The trio of authors from Johns Hopkins discussed the findings of a study that imply that BMI is associated with accelerated rates of ganglion cell and inner plexiform layer atrophy in those with multiple sclerosis.
Angeliki G. Filippatou, MD
Recent data of a 522-patient cohort suggest that in the absence of overt metabolic comorbidities, body mass index (BMI) might be associated with accelerated rates of ganglion cell and inner plexiform layer (GCIPL) atrophy in patients with multiple sclerosis (MS).
In total, the cohort consisted of 522 patients with MS, of which 9 were underweight and 153 were overweight in addition to 214 normal weight and 146 obese patients. The median duration of follow-up was 4.4 years, and there were 4710 eye-visits with optical coherence tomography (OCT) measures. Each patient had a median of 4 visits (interquartile range [IQR], 3—6), and the median interval between visits was 314 days (IQR, 192–510).
Compared to patients with normal weight, those who were obese displayed significantly higher rates of GCIPL atrophy per year (obese: —0.57% per year [95% CI, –0.65 to 0.48]; normal weight: –0.42% per year [95% CI, –0.49 to –0.35]; P = .012). Additional analysis showed that each 1 kg/m2 higher BMI was associated with an accelerated GCIPL atrophy of —0.011% per year (95% CI, –0.019 to –0.004; P = .003). Notably, the GCIPL atrophy rate was not markedly different between overweight (—0.47% per year) and normal-weight patients (–0.42% per year; P = .41).
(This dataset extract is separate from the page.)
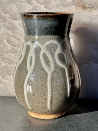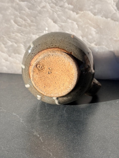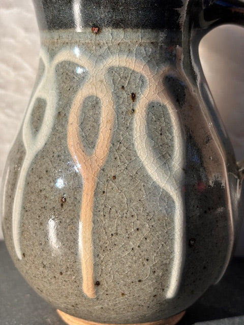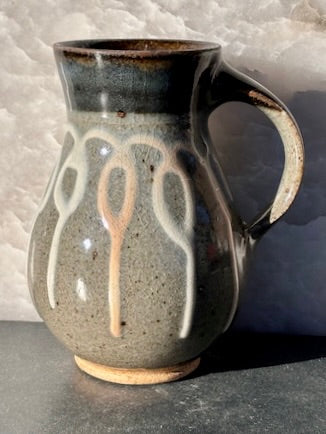 Fabulous large mug with tactile white looping swags on a gray/green celadon glaze background. A few loops flashed to pink of the front. The rim is dipped in the new slate blue glaze. Stunning.

The data were compiled by Angeliki G. Filippatou, MD, neuroimmunology and neurological infections research fellow, Department of Neurology, Johns Hopkins University, and colleagues. To find out more about the study findings and their takeaways for the clinical community in MS, NeurologyLive reached out for insight from Filippatou and 2 additional authors from the Division of Neuroimmunology and Neurological Infections at Johns Hopkins, Shiv Saidha MBBCh, MD, MRCPI, and Jeffrey Lambe, MBBCh.
Angeliki G. Filippatou, MD: In this large cohort of MS patients, we found that elevated BMI was associated with accelerated rates of ganglion cell + inner plexiform layer thinning. Rates of GCIPL atrophy are likely clinically relevant in MS, since they are faster in patients with disease activity or disability progression, and mirror brain atrophy, and in particular gray matter atrophy, over time. Therefore, our work highlights that people with MS and comorbid obesity may be at risk for worse disease outcomes.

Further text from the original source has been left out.